§ Aim of the exercise:
Quote the records exactly, starting at the first line and stopping after the line with "Musselmalet Riflet fascinerer"; skip the pictures.

== == ==

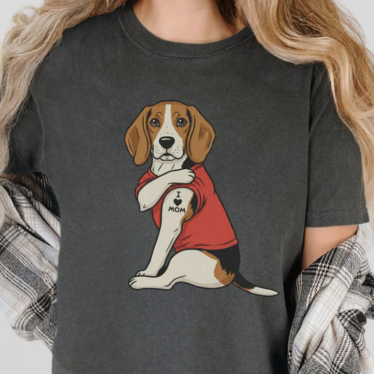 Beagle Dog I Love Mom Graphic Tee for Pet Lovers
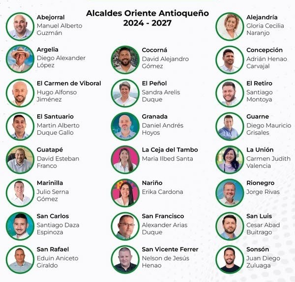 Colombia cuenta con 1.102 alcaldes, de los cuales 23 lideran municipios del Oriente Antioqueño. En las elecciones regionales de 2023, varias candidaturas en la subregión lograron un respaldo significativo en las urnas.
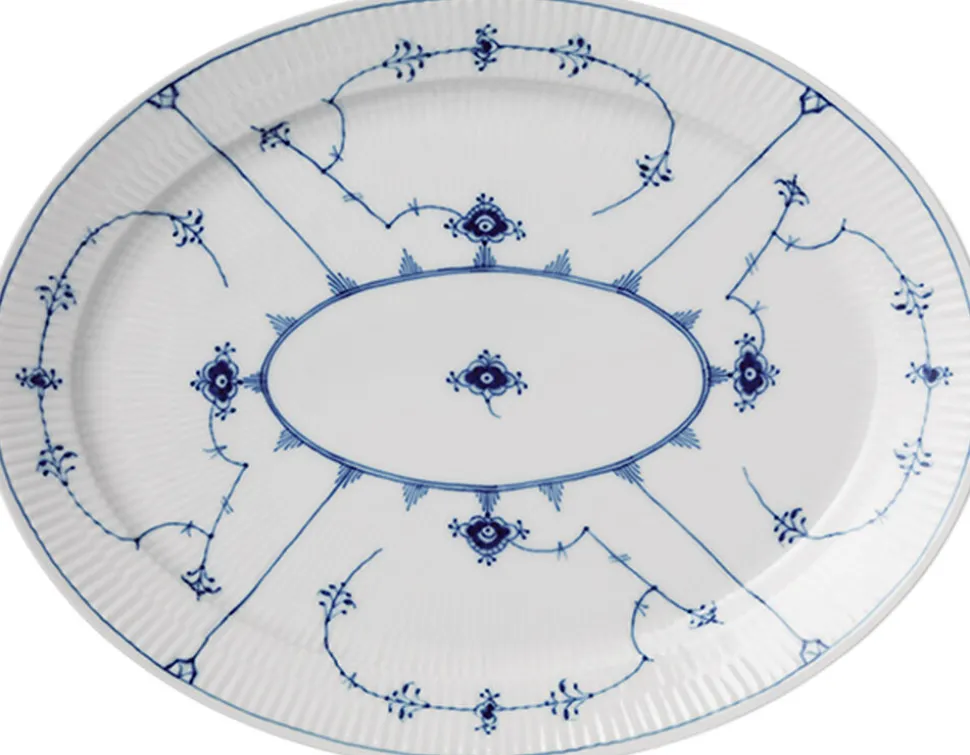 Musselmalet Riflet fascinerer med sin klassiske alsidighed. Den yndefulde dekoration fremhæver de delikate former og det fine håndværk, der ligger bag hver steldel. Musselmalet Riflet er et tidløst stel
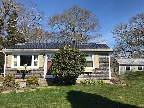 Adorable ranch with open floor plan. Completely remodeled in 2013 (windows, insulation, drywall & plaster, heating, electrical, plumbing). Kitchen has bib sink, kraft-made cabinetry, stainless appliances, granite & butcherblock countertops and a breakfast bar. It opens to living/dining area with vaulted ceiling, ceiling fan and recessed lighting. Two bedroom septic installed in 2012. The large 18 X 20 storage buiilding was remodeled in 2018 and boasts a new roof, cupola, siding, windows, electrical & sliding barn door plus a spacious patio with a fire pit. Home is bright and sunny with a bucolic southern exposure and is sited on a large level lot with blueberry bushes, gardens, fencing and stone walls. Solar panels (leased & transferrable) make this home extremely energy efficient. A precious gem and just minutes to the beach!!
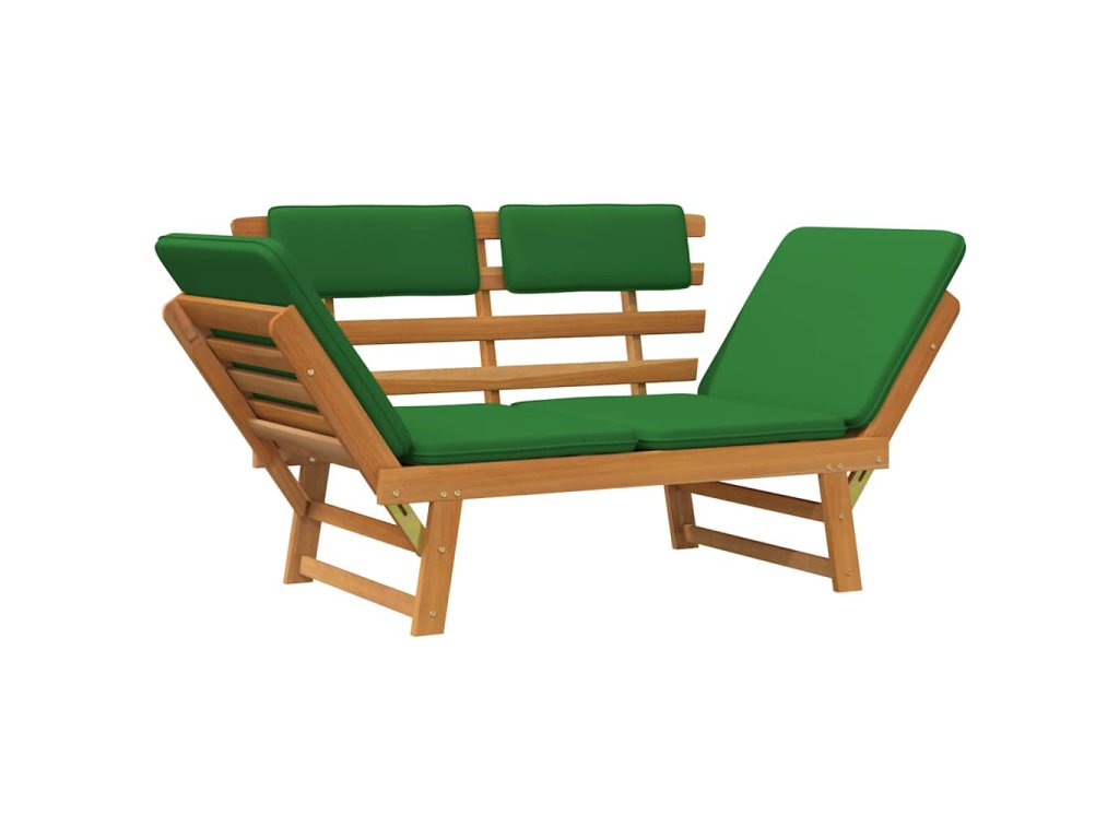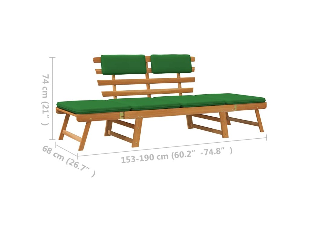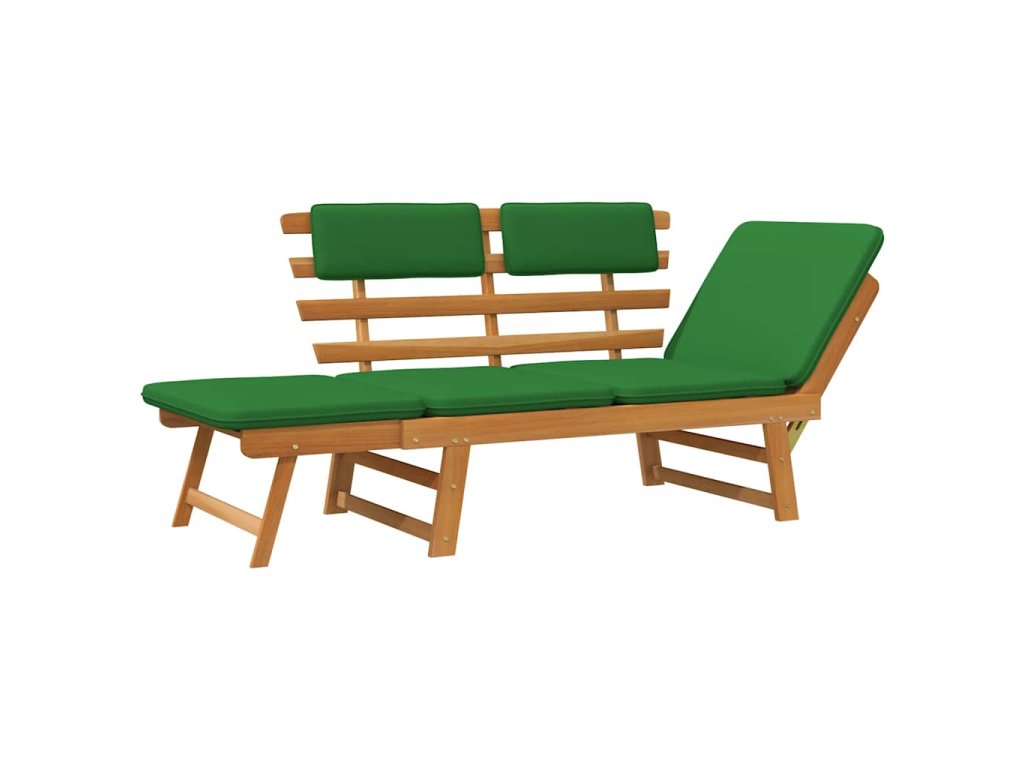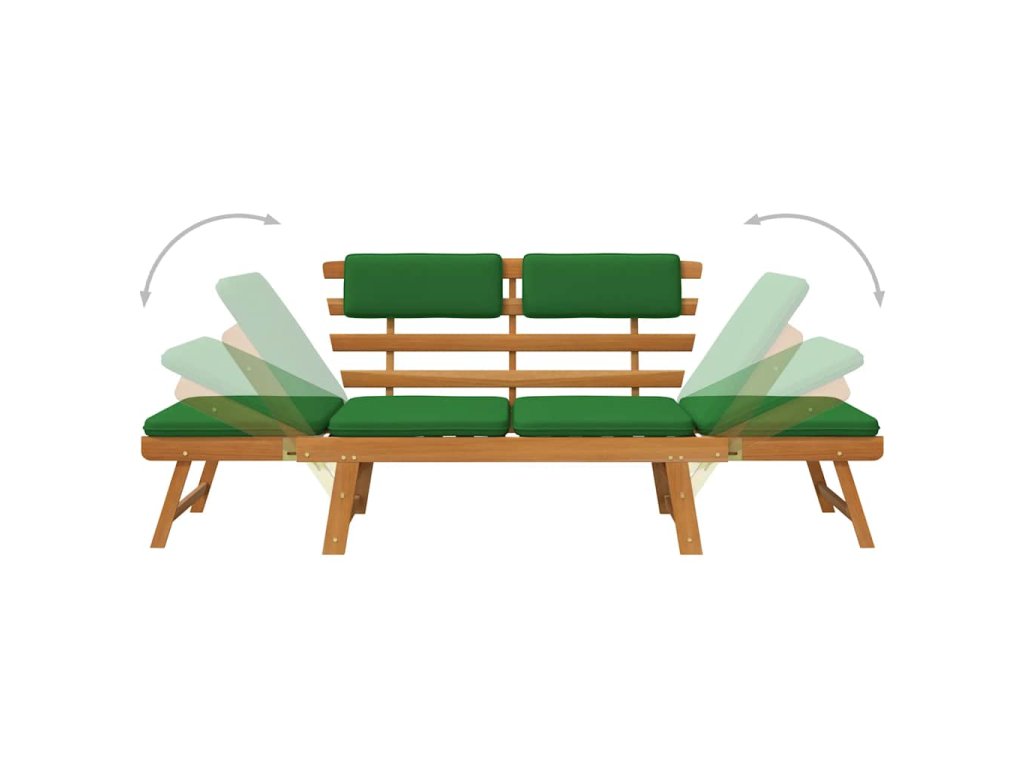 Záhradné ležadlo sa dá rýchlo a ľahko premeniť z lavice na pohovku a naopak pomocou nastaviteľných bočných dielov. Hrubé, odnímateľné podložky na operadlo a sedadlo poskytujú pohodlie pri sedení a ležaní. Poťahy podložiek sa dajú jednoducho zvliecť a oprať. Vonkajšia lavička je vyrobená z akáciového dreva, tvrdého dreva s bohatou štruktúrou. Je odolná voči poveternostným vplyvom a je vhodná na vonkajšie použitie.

== == ==

§ Answer box:
 Beagle Dog I Love Mom Graphic Tee for Pet Lovers
 Colombia cuenta con 1.102 alcaldes, de los cuales 23 lideran municipios del Oriente Antioqueño. En las elecciones regionales de 2023, varias candidaturas en la subregión lograron un respaldo significativo en las urnas.
 Musselmalet Riflet fascinerer med sin klassiske alsidighed. Den yndefulde dekoration fremhæver de delikate former og det fine håndværk, der ligger bag hver steldel. Musselmalet Riflet er et tidløst stel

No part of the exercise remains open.